═══ DATA SEGMENT

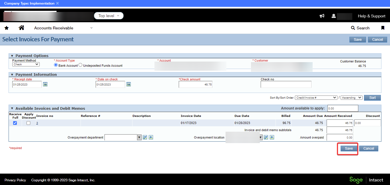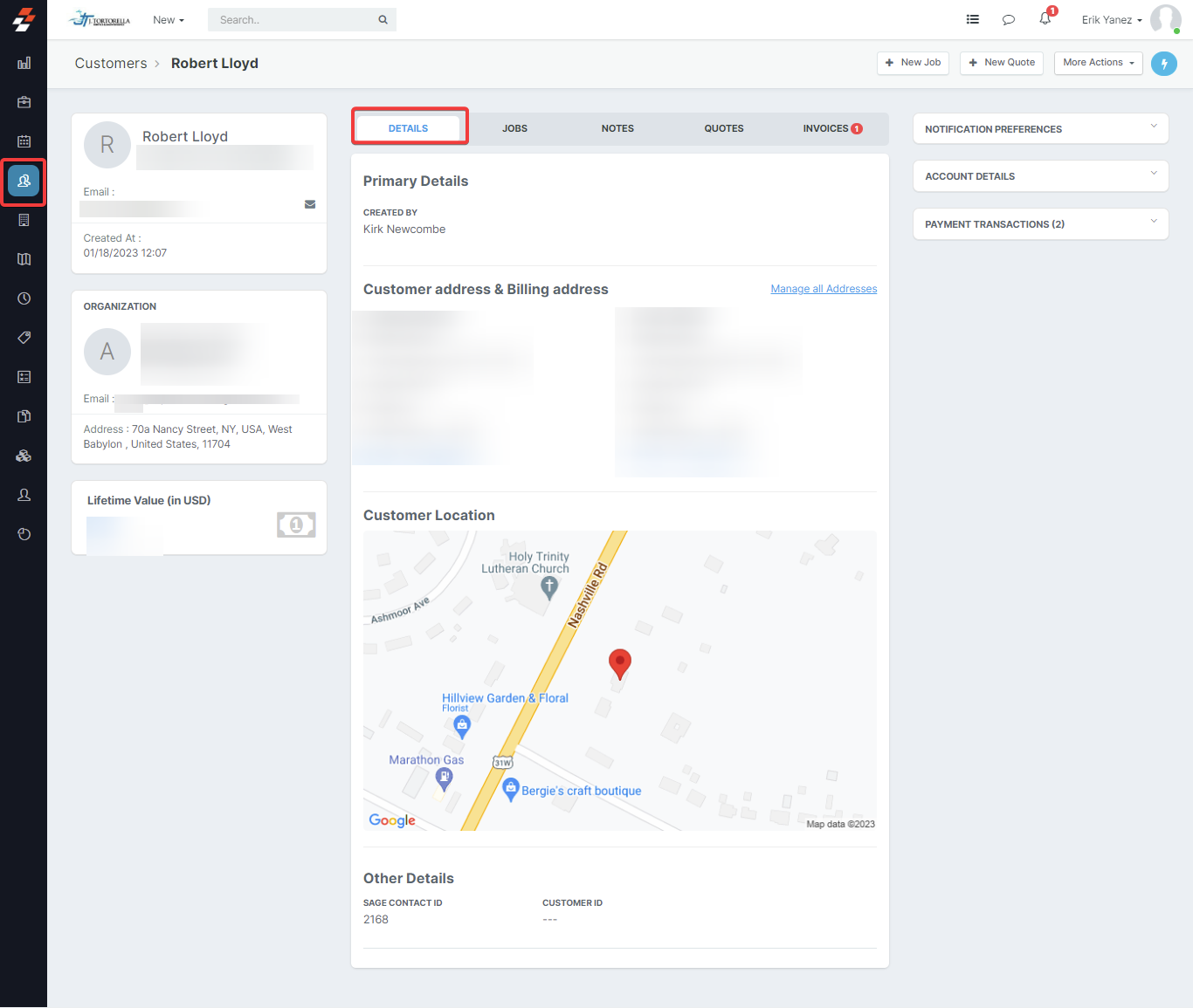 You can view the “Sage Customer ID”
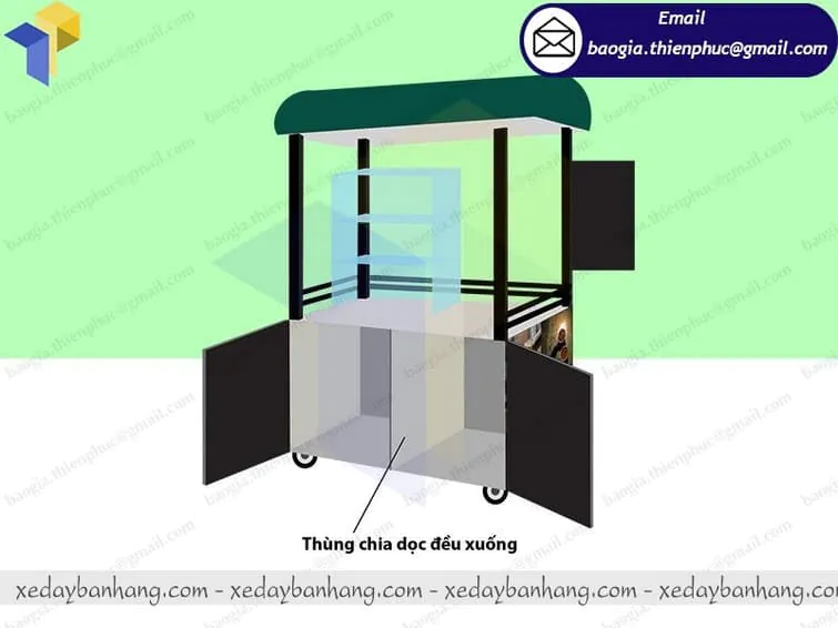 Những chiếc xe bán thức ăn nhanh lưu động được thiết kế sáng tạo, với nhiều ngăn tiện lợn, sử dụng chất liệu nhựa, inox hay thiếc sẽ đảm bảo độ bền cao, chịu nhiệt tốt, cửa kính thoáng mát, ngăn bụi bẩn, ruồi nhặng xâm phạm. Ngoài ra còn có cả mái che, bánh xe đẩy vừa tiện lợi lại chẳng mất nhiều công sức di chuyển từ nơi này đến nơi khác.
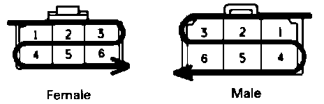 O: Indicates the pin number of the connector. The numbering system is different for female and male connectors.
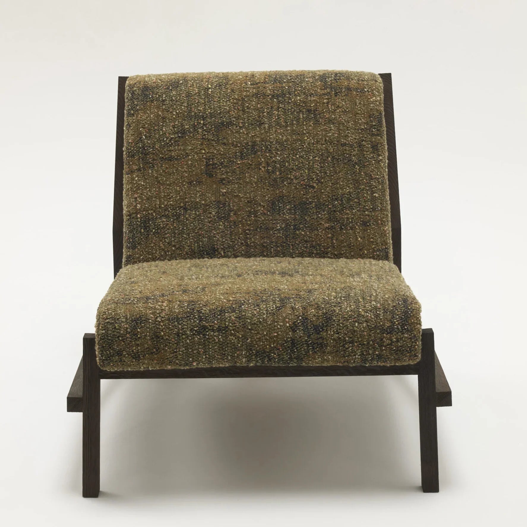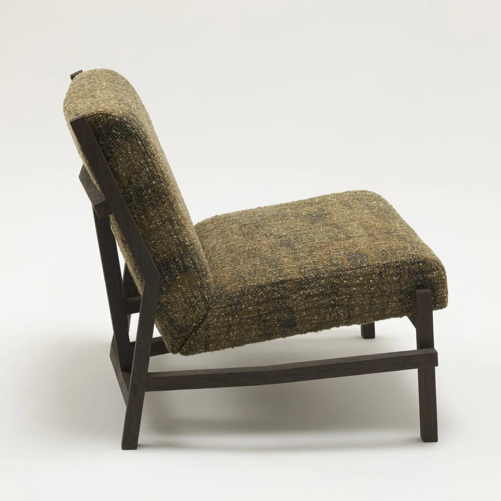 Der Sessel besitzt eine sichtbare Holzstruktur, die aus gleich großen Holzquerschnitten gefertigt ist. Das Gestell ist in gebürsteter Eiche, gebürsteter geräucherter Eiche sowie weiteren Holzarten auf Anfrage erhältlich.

══════

» EXERCISE:
Starting at the line that contains "O: Indicates the", retype each line through the end of the data exactly, and leave out every picture.

» OUTPUT BELOW:
 O: Indicates the pin number of the connector. The numbering system is different for female and male connectors.
 Der Sessel besitzt eine sichtbare Holzstruktur, die aus gleich großen Holzquerschnitten gefertigt ist. Das Gestell ist in gebürsteter Eiche, gebürsteter geräucherter Eiche sowie weiteren Holzarten auf Anfrage erhältlich.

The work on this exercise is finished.